Using the listing below, copy exactly each line from the one that has "EACH MEASURES APPROX." through the one that has "Орлят и дошколят."; omit the pictures.

> _Data section_:
+ + + + +

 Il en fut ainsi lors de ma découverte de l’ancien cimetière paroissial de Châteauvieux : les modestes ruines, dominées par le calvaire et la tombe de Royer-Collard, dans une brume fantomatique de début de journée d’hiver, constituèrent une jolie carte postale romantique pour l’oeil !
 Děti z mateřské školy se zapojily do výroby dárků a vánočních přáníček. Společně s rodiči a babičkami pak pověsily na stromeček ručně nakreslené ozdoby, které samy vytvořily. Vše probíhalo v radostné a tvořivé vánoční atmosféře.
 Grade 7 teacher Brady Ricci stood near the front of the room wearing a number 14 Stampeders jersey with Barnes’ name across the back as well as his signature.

+ + + + +

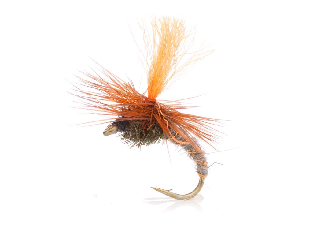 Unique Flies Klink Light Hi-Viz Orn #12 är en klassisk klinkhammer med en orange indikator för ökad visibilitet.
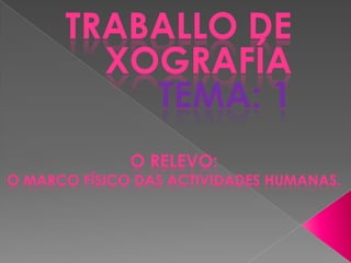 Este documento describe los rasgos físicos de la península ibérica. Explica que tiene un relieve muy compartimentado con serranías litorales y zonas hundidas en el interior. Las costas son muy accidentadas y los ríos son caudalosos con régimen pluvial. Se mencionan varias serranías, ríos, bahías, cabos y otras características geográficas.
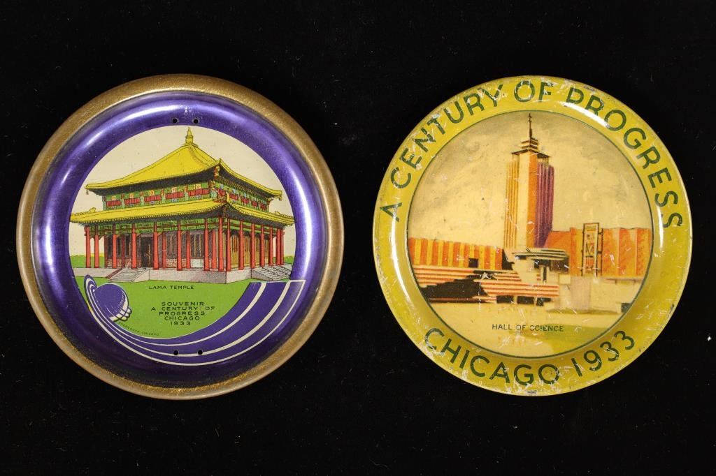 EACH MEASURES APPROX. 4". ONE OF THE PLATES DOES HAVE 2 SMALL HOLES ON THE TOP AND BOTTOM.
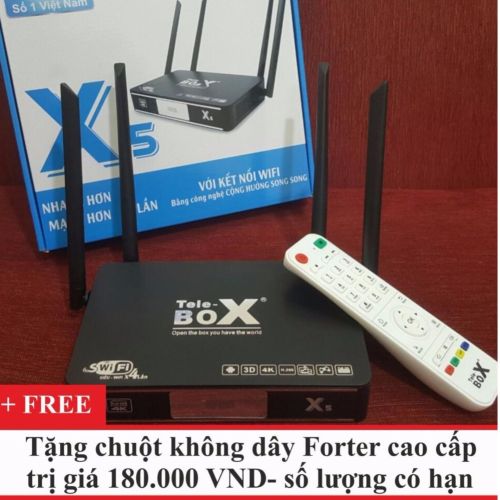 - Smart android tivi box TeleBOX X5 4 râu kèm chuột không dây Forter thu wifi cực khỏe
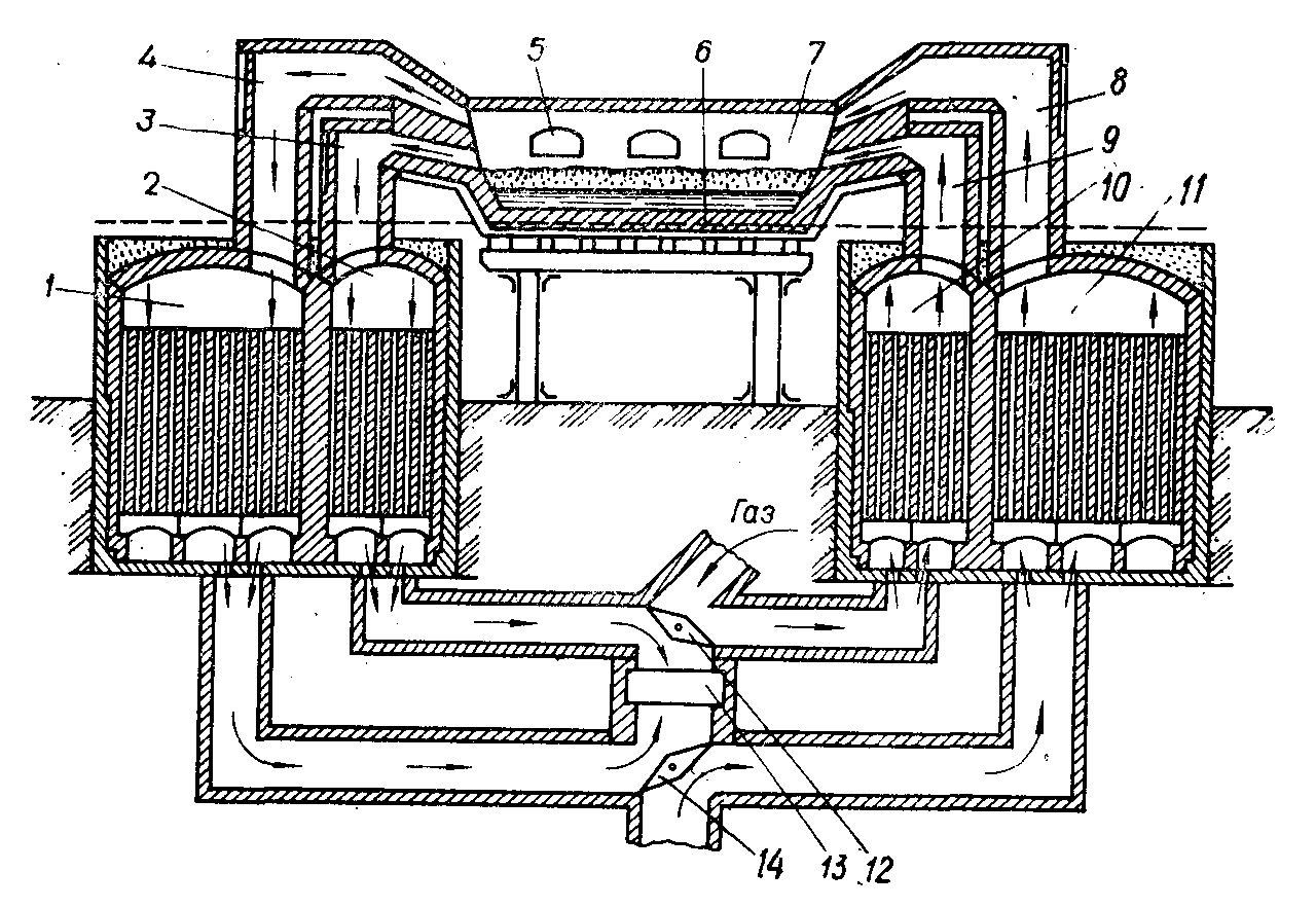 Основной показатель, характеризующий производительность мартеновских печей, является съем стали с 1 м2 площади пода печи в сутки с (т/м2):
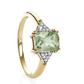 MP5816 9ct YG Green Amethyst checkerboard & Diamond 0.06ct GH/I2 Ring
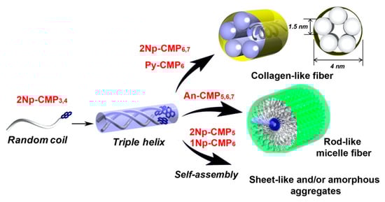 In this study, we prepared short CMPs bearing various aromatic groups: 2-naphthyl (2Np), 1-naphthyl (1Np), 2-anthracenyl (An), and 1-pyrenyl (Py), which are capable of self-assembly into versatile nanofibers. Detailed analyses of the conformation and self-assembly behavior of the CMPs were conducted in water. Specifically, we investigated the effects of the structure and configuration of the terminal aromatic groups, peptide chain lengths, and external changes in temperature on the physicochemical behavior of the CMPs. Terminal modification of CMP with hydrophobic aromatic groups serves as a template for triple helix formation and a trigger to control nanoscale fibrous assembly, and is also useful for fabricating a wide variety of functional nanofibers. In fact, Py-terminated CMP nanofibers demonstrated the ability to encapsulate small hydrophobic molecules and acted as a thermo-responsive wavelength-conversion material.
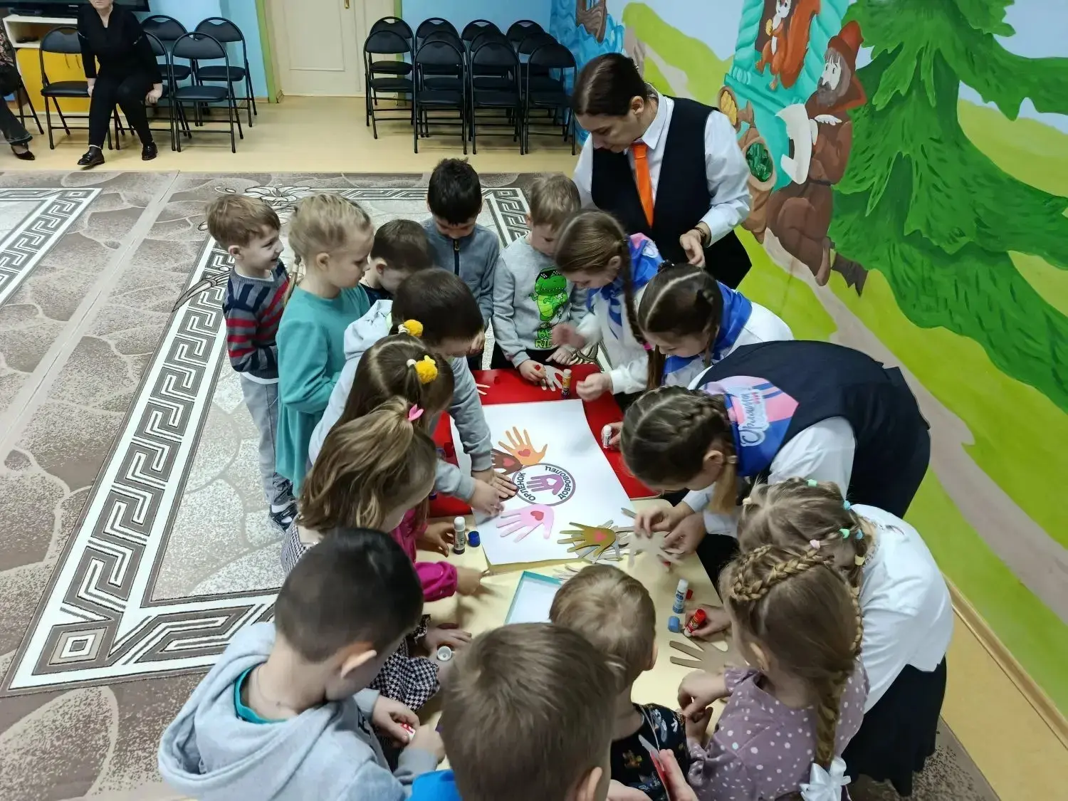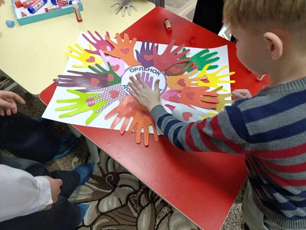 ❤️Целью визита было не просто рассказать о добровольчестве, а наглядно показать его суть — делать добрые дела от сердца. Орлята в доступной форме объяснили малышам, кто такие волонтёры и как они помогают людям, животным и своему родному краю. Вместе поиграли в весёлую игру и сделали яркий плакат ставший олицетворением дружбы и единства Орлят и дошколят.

+ + + + +

> _Answer space_:
 EACH MEASURES APPROX. 4". ONE OF THE PLATES DOES HAVE 2 SMALL HOLES ON THE TOP AND BOTTOM.
 - Smart android tivi box TeleBOX X5 4 râu kèm chuột không dây Forter thu wifi cực khỏe
 Основной показатель, характеризующий производительность мартеновских печей, является съем стали с 1 м2 площади пода печи в сутки с (т/м2):
 MP5816 9ct YG Green Amethyst checkerboard & Diamond 0.06ct GH/I2 Ring
 In this study, we prepared short CMPs bearing various aromatic groups: 2-naphthyl (2Np), 1-naphthyl (1Np), 2-anthracenyl (An), and 1-pyrenyl (Py), which are capable of self-assembly into versatile nanofibers. Detailed analyses of the conformation and self-assembly behavior of the CMPs were conducted in water. Specifically, we investigated the effects of the structure and configuration of the terminal aromatic groups, peptide chain lengths, and external changes in temperature on the physicochemical behavior of the CMPs. Terminal modification of CMP with hydrophobic aromatic groups serves as a template for triple helix formation and a trigger to control nanoscale fibrous assembly, and is also useful for fabricating a wide variety of functional nanofibers. In fact, Py-terminated CMP nanofibers demonstrated the ability to encapsulate small hydrophobic molecules and acted as a thermo-responsive wavelength-conversion material.
 ❤️Целью визита было не просто рассказать о добровольчестве, а наглядно показать его суть — делать добрые дела от сердца. Орлята в доступной форме объяснили малышам, кто такие волонтёры и как они помогают людям, животным и своему родному краю. Вместе поиграли в весёлую игру и сделали яркий плакат ставший олицетворением дружбы и единства Орлят и дошколят.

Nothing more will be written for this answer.